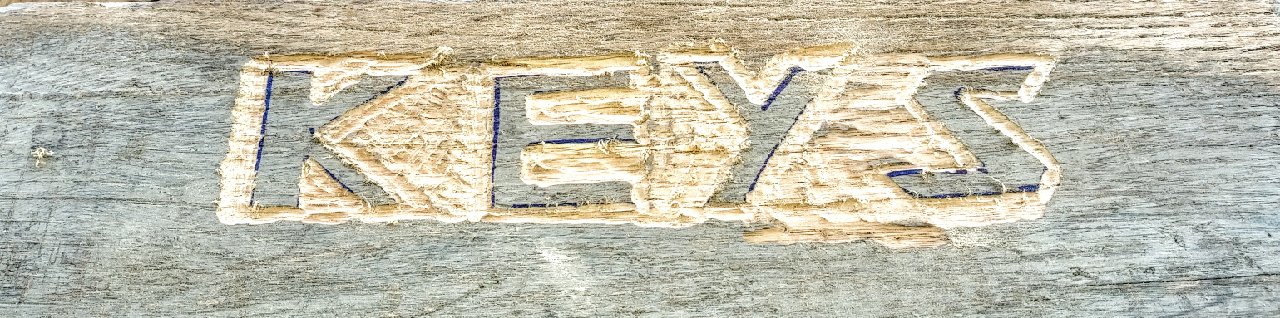 First, I tried to build a key ring holder. I penciled the word “KEYS” on a block of wood. Then, after donning protective goggles and a face mask – trust me, you have no idea what kind of chemicals and gunk are in 50-year-old crate wood – I used a small Dremel carbide burr to trim around the letters. After they were sufficiently trimmed, I used a different carbide burr to sand away the wood and leave the word “KEYS” in a raised bas-relief.
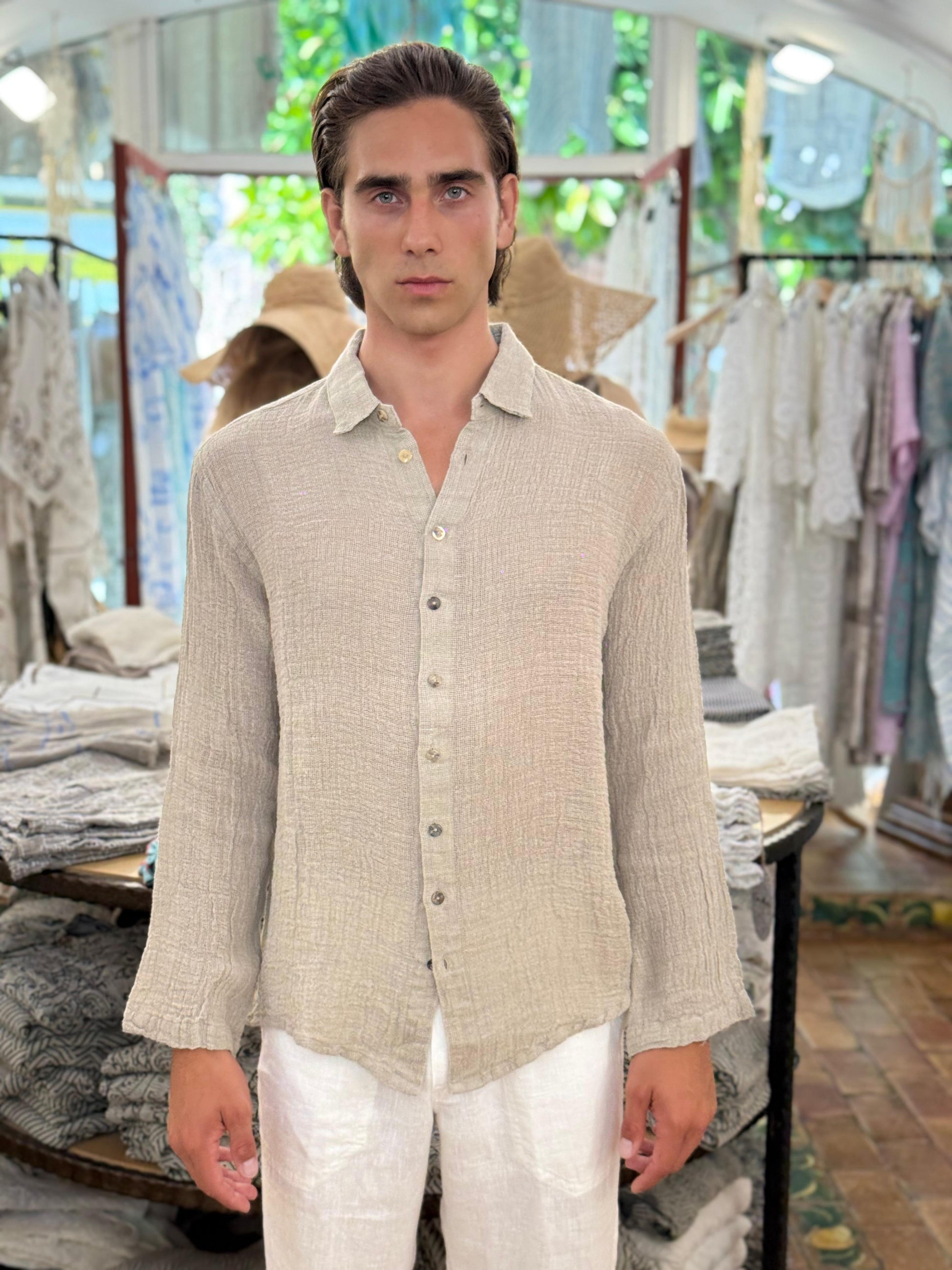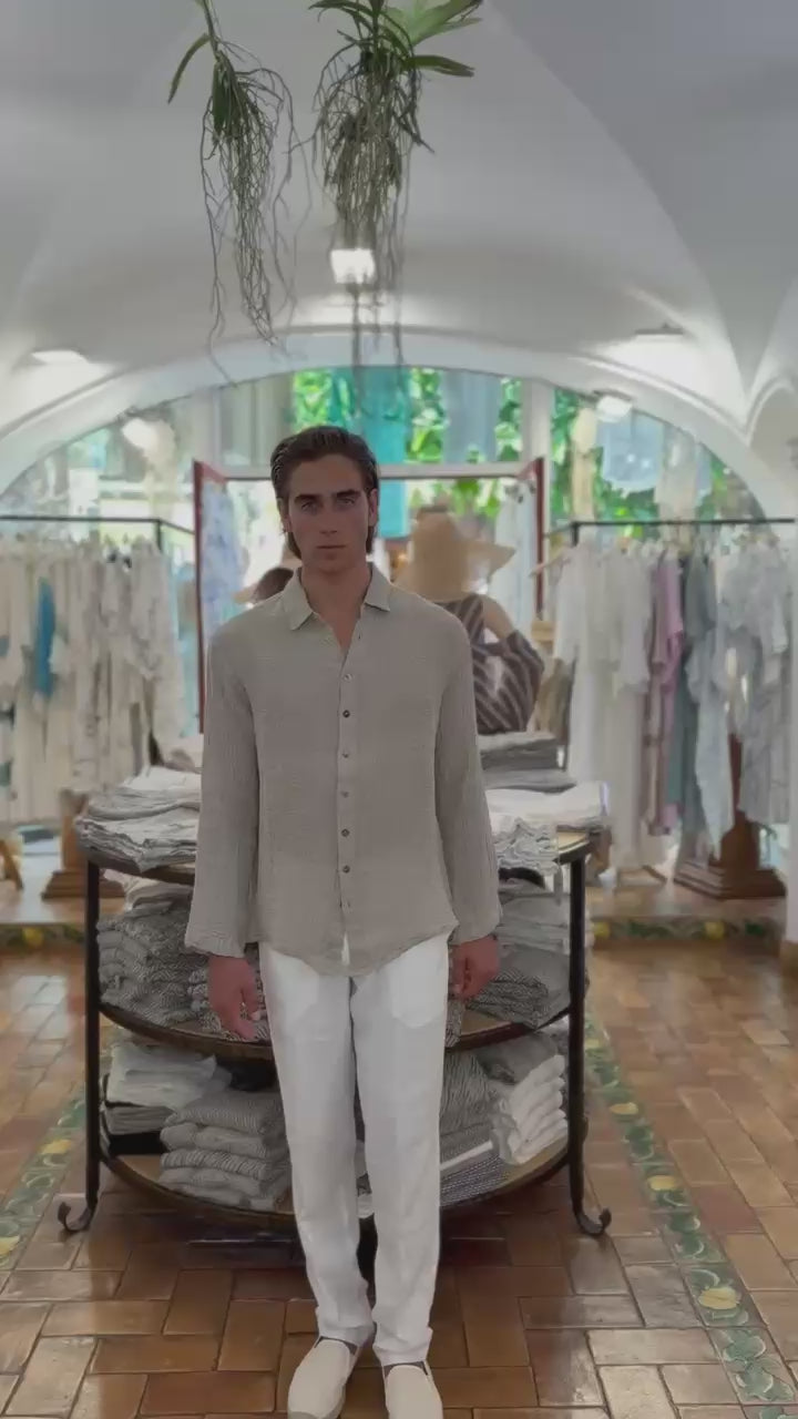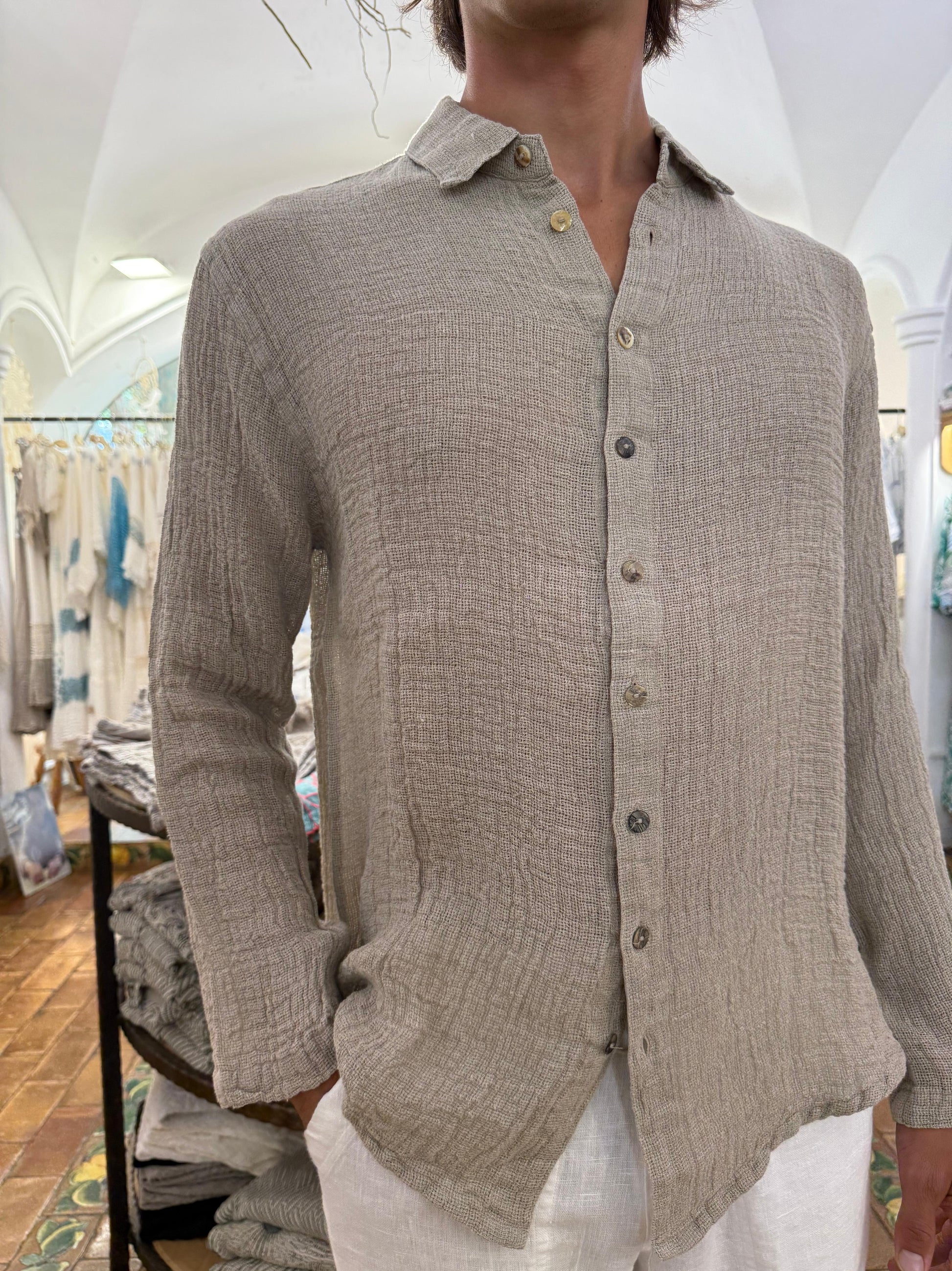 CAMICIA IN LINO RETE ÉCRU MADE IN ITALY
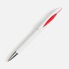 Шариковая ручка приятных округлых форм с белым глянцевым корпусом и цветовым акцентом.
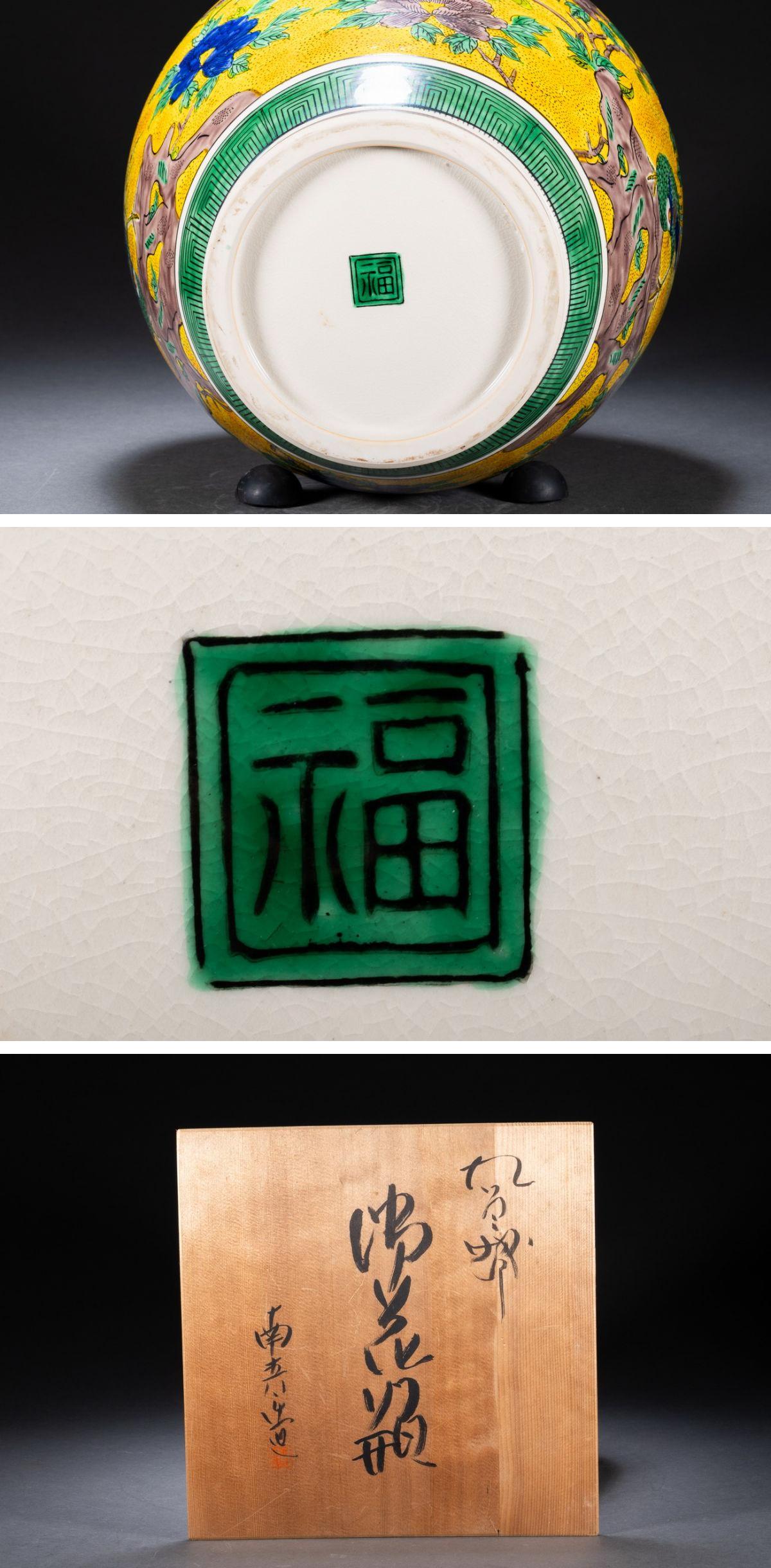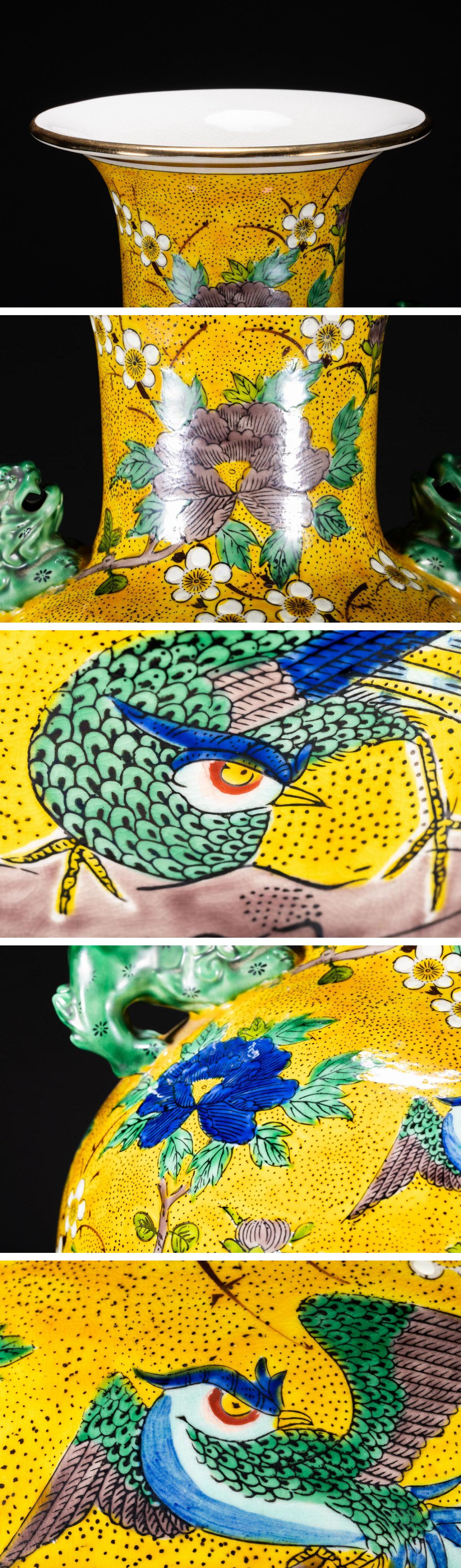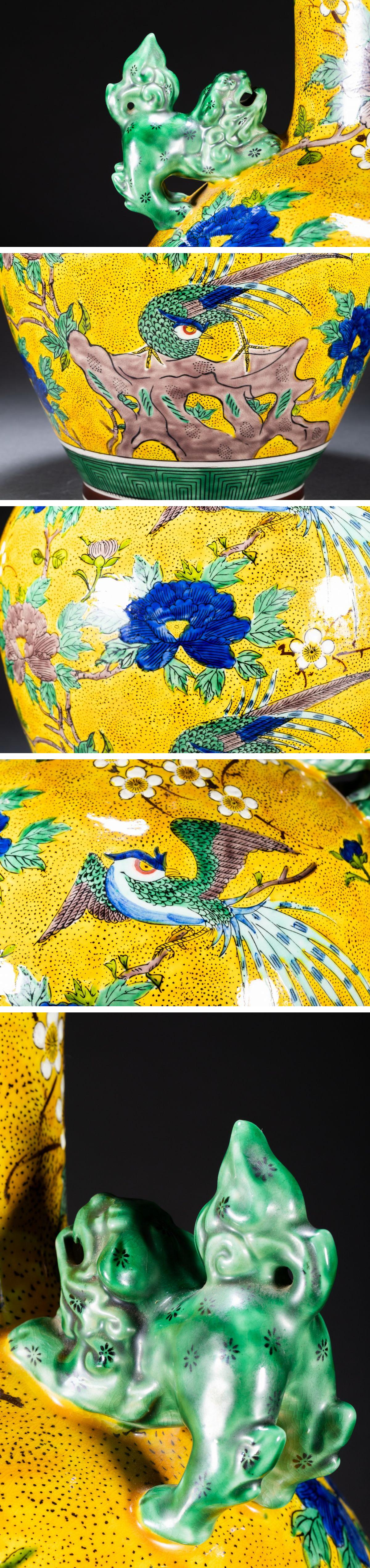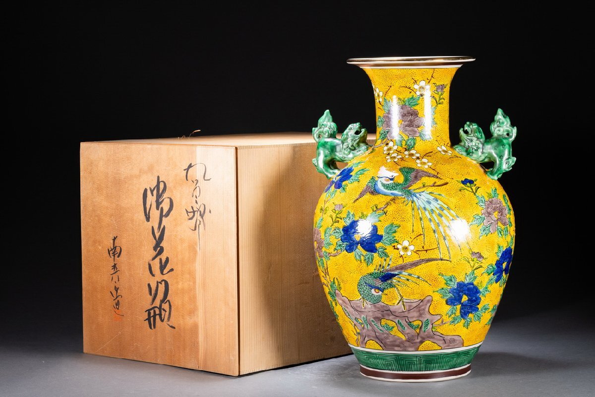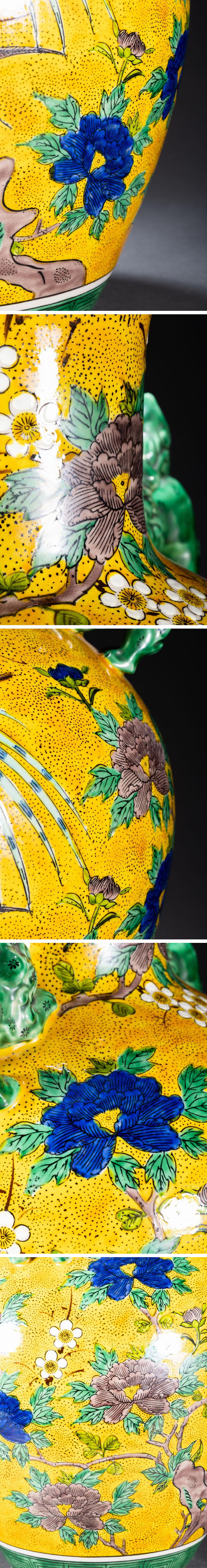 - 【雲錦】九谷焼 南春造 青手 巨大花鳥図双唐獅子耳花瓶 55CM希少 真作保証 美術品WK9-141L
***
▸ What you are asked to do
Copy all the material word for word, minus its pictures.

▸ The answer
 First, I tried to build a key ring holder. I penciled the word “KEYS” on a block of wood. Then, after donning protective goggles and a face mask – trust me, you have no idea what kind of chemicals and gunk are in 50-year-old crate wood – I used a small Dremel carbide burr to trim around the letters. After they were sufficiently trimmed, I used a different carbide burr to sand away the wood and leave the word “KEYS” in a raised bas-relief.
 CAMICIA IN LINO RETE ÉCRU MADE IN ITALY
 Шариковая ручка приятных округлых форм с белым глянцевым корпусом и цветовым акцентом.
 - 【雲錦】九谷焼 南春造 青手 巨大花鳥図双唐獅子耳花瓶 55CM希少 真作保証 美術品WK9-141L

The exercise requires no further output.